The architecture in one diagram

Inbound PSTN call
     │
     ▼
[Voylo DID] ──► [Application: IVR XML] ──► <Gather digit>
                                              │
                              ┌───────────────┼───────────────┐
                              ▼               ▼               ▼
                         press 1 (AI)   press 2 (human)   no input
                              │               │               │
                              ▼               ▼               ▼
                  [Inbound trunk: ElevenLabs]                AI default
                  Sequential failover through:
                      1. ElevenLabs agent (UDP)
                      2. ElevenLabs agent (TCP)
                      3. ElevenLabs agent (TLS)
                      4. Your SIP PBX / customer's number
                              │
                              ▼ (all destinations failed → fall through to:)
                       <Dial> to human PSTN
                              │
                              ▼ (human didn't pick up → final goodbye message)
                       Play & Hangup

Three primitives, one application. Once you understand how they compose, you can build any voice-routing application: time-of-day routing, multi-language IVRs, voicemail trees, escalation tiers, after-hours redirects. Same pattern, different decisions.

The three primitives

A Voylo IVR is always exactly these three things working together.

1. The phone number (DID)

A real E.164 number — rented from Voylo or imported from your own SIP carrier. Two fields on the number matter for an IVR:

  • inbound_application_id — points at the XML that decides where the call goes
  • inbound_throttle_max_per_min — per-(caller, DID) rate limit. Runs before any verb executes; a blocked call costs zero AI minutes and zero channel slots. Configure abuse protection here, not in the XML

2. The inbound trunk

A named SIP destination with an ordered list of destination URIs. Voylo tries them sequentially, in order — first to answer wins. Failover triggers control when to move on:

  • on_sip_5xx: true — move to the next destination on any 5xx response
  • no_answer_after_ms: 8000 — give up on the current destination after 8 seconds of ringing
  • on_latency_above_ms: 1200 — move to the next if SIP setup takes longer than expected

For an ElevenLabs IVR with belt-and-braces failover, configure the trunk like this:

OrderURIWhy
1sip:AGENT_ID@sip.rtc.elevenlabs.ioPrimary — UDP, lowest overhead
2sip:AGENT_ID@sip.rtc.elevenlabs.io;transport=tcpTCP fallback for networks where UDP is filtered
3sip:AGENT_ID@sip.rtc.elevenlabs.io;transport=tlsTLS fallback for transport-specific outages
4sip:user@pbx.your-company.exampleLast-resort: your own SIP PBX — routes to human agents

This is real protection. The first three handle ElevenLabs being partially unreachable (UDP blocked, TCP overloaded, whichever). The fourth handles ElevenLabs being entirely unavailable.

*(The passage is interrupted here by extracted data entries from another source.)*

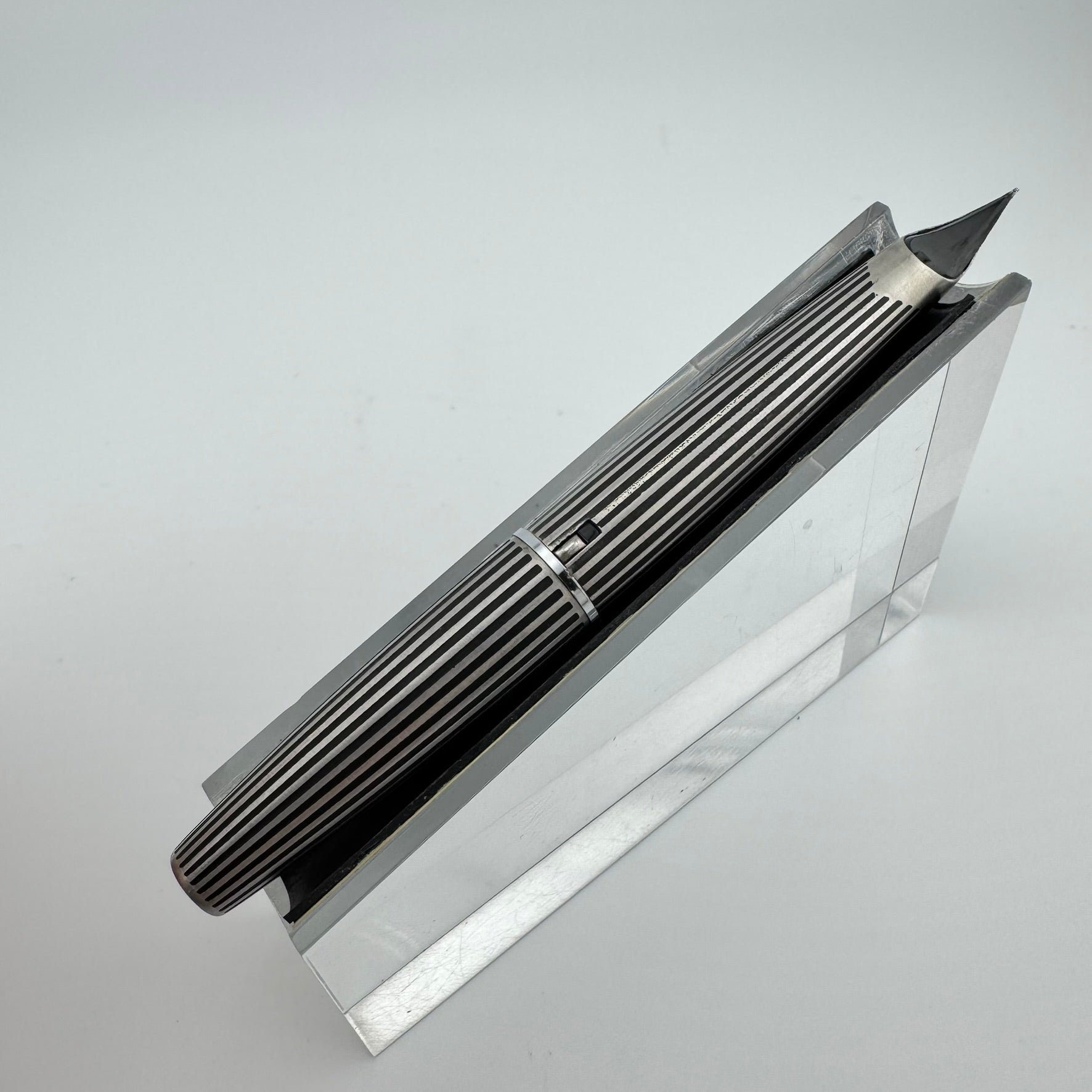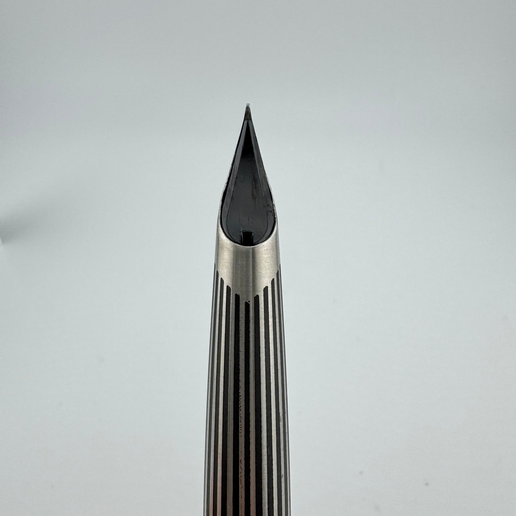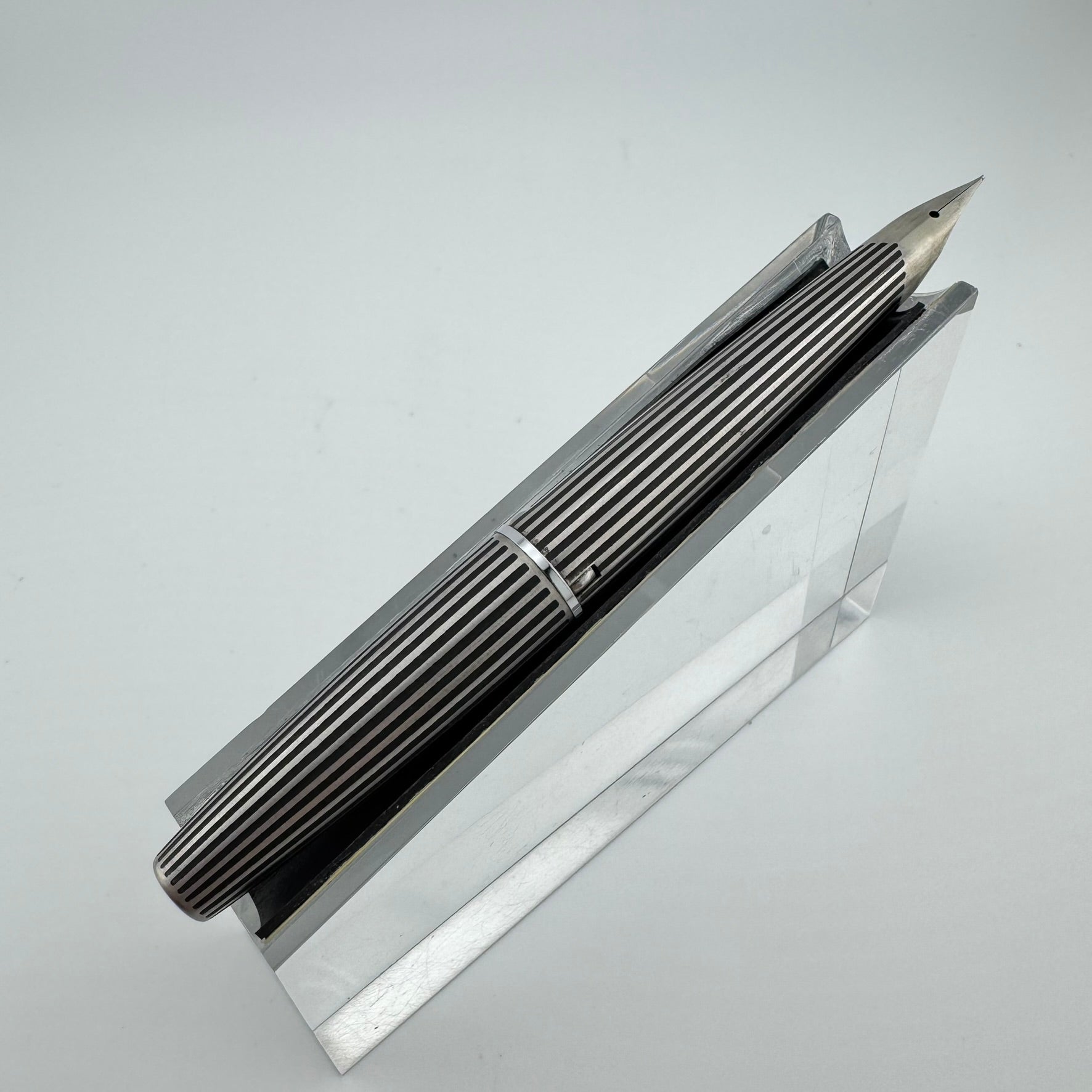 Introduced in 1971, the Myu was Pilot's response to Parker's innovative T1 fountain pen. Equipped with a streamiled stainless steel nib integrated right into the grip section, the Pilot Myu earned the title "The Concorde of Pens" due to its striking resemblances to the sleek supersonic airliner. The Myu 701 family was offered as a fountain pen (M-350SS), ballpoint pen (BPG-200SK), mechanical pencil (HMF-200SK) and a felt-tipped Signature pen (SW-100SC). This Myu is the rare "Black Stripe" variant. It features lines engraved along the body that are filled with black lacquer.
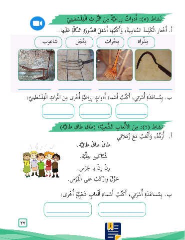 َنشاط ( :)٥أ�دوا ٌت ِزراع َّي ٌة ِم َن ال ُّترا ِث الْ ِف َل ْسطي ِن ّي
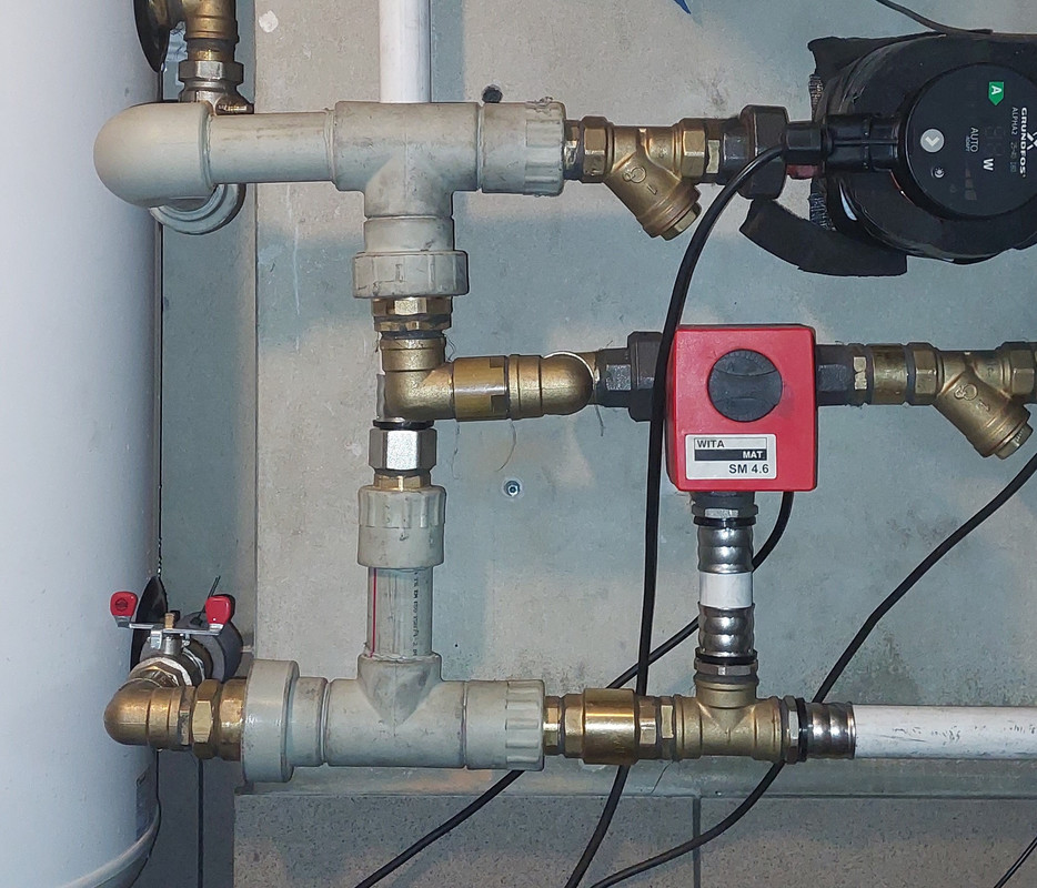 Podłączenie pompy ciepła pomiędzy buforem a rozdzielaczami
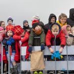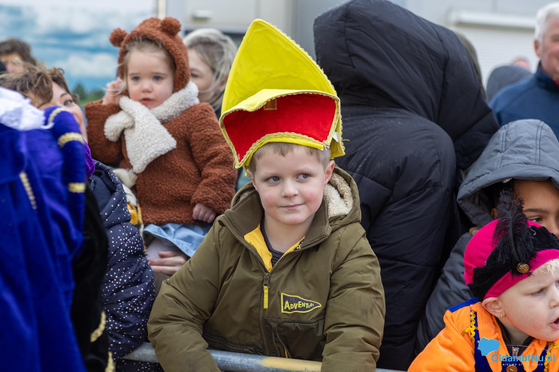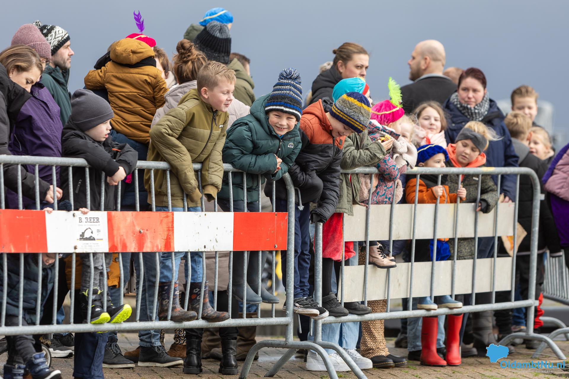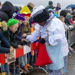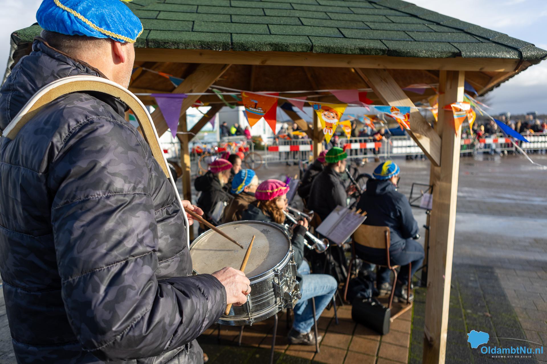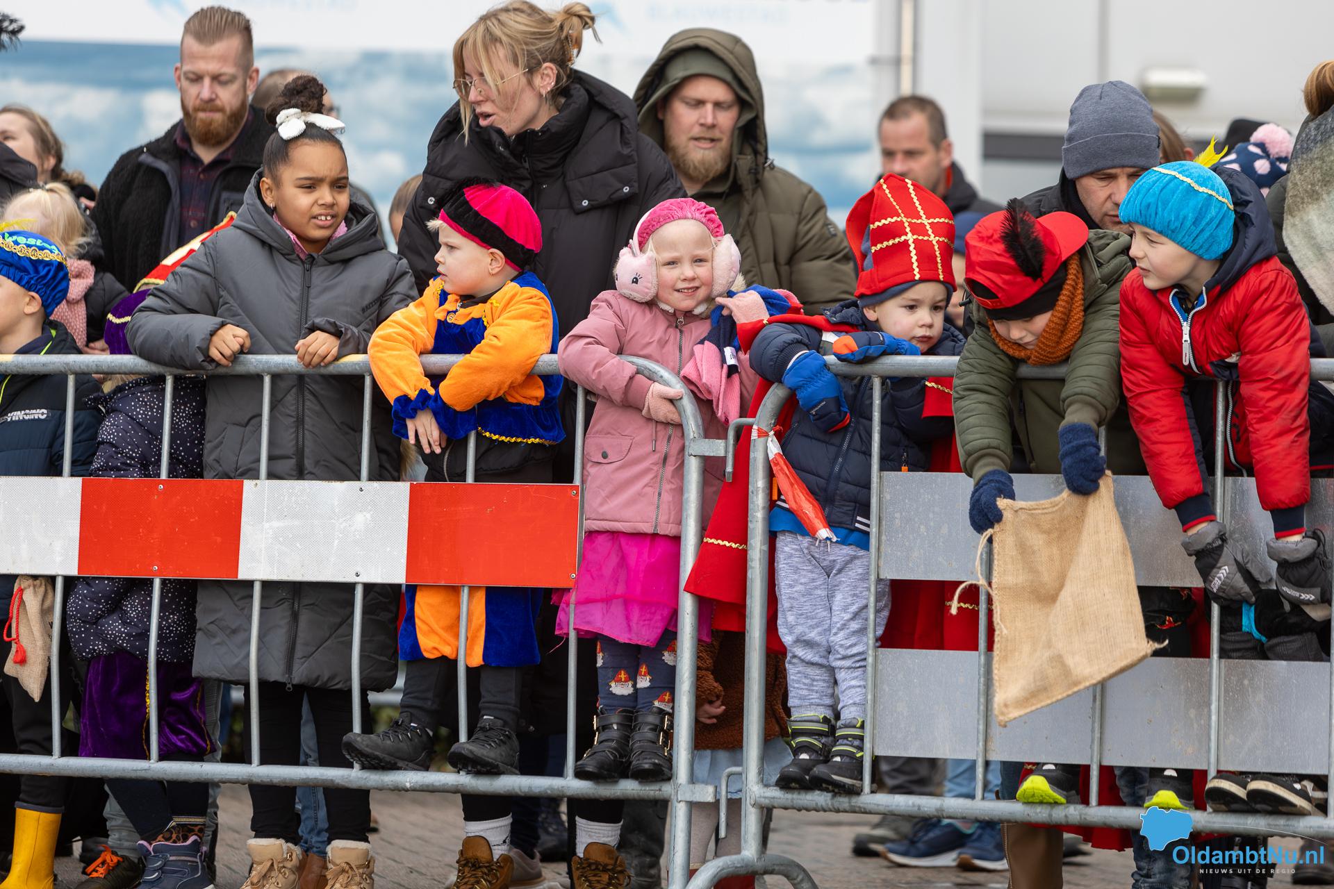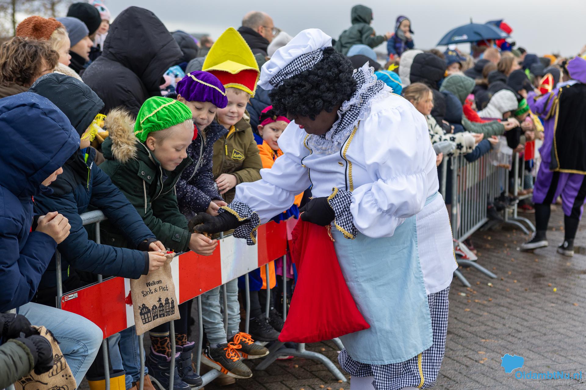 Niet veel later kwam Sinterklaas en zijn Pieten aan in de haven. Sint, met zijn staf in de hand en een glimlach van oor tot oor, stapte van de boot af waarna hij werd verwelkomt door wethouder Gert Engelkens. Na het in ontvangst nemen van tekeningen, besloot Sinterklaas om eerst naar Oostwold te gaan, naar café De Jacht.
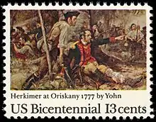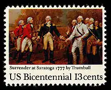 A painting-format stamp was issued January 3, 1977 for Washington's successful battle at Princeton. Similarly painting stamps were issued to commemorate the Battle of Oriskany and the Battle of Saratoga. Four stamps were issued on July 4 to honor craftsmen with the legend "Skilled Hands for Independence". Additional stamps honored the Articles of Confederation and the arrival of Lafayette. One of the Christmas stamps that year, though not formally part of the series, showed Washington kneeling at Valley Forge.
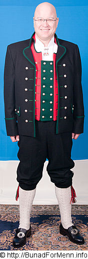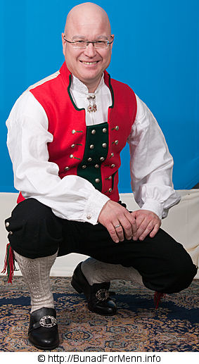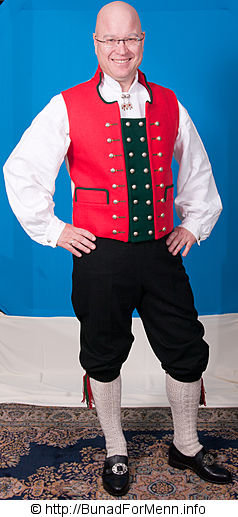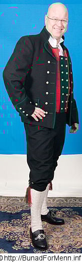 Komplett bunad med jakke, bukse, vest, sølvknapper, mansjettknapper, halsnål, brodert linskjorte, strømper, hosebånd, silkesjerf, broderte bukseseler og bunadspose. Pris fra kr 46.000,- Det eneste du mangler er sko.

3. The application (VoyloML)

The XML that runs when a call lands. It decides what to play, what input to collect, what to do based on the caller's choice, and how to react to dial outcomes.

The complete IVR application

This is the full XML. Substitute three placeholders before deploying:

  • ELEVENLABS_TRUNK_UUID→ the trunk's UUID from your console
  • BYO_EGRESS_E164 → a workspace BYO number with outbound_address configured
  • HUMAN_PHONE_E164→ the human agent's phone
app.xml
<?xml version="1.0" encoding="UTF-8"?>
<Response>
  <Gather numDigits="1" timeout="5" retries="2" bargeIn="true" action="#after-menu">
    <Play>https://voylo.s3.ap-south-1.amazonaws.com/welcome.wav</Play>
  </Gather>

  <Redirect>#route-ai</Redirect>

  <Flow id="after-menu">
    <Switch on="Digits">
      <Case value="1"><Redirect>#route-ai</Redirect></Case>
      <Case value="2"><Redirect>#route-human</Redirect></Case>
      <Default>
        <Play>https://voylo.s3.ap-south-1.amazonaws.com/invalid-digit.wav</Play>
        <Redirect>#main-menu</Redirect>
      </Default>
    </Switch>
  </Flow>

  <Flow id="main-menu">
    <Gather numDigits="1" timeout="5" retries="1" bargeIn="true" action="#after-menu">
      <Play>https://voylo.s3.ap-south-1.amazonaws.com/reprompt.wav</Play>
    </Gather>
    <Redirect>#route-ai</Redirect>
  </Flow>

  <Flow id="route-ai">
    <Dial inboundTrunkId="ELEVENLABS_TRUNK_UUID" action="#after-ai"/>
  </Flow>

  <Flow id="after-ai">
    <Switch on="DialStatus">
      <Case value="ANSWER"><Hangup/></Case>
      <Default>
        <Play>https://voylo.s3.ap-south-1.amazonaws.com/ai-failover.wav</Play>
        <Redirect>#route-human</Redirect>
      </Default>
    </Switch>
  </Flow>

  <Flow id="route-human">
    <Dial callerId="+BYO_EGRESS_E164" timeout="30" action="#after-human">+HUMAN_PHONE_E164</Dial>
  </Flow>

  <Flow id="after-human">
    <Switch on="DialStatus">
      <Case value="ANSWER"><Hangup/></Case>
      <Default>
        <Play>https://voylo.s3.ap-south-1.amazonaws.com/nobody-available.wav</Play>
        <Hangup/>
      </Default>
    </Switch>
  </Flow>
</Response>

About 50 lines. Every verb pulls its weight. Let's walk through the three patterns that make it actually robust.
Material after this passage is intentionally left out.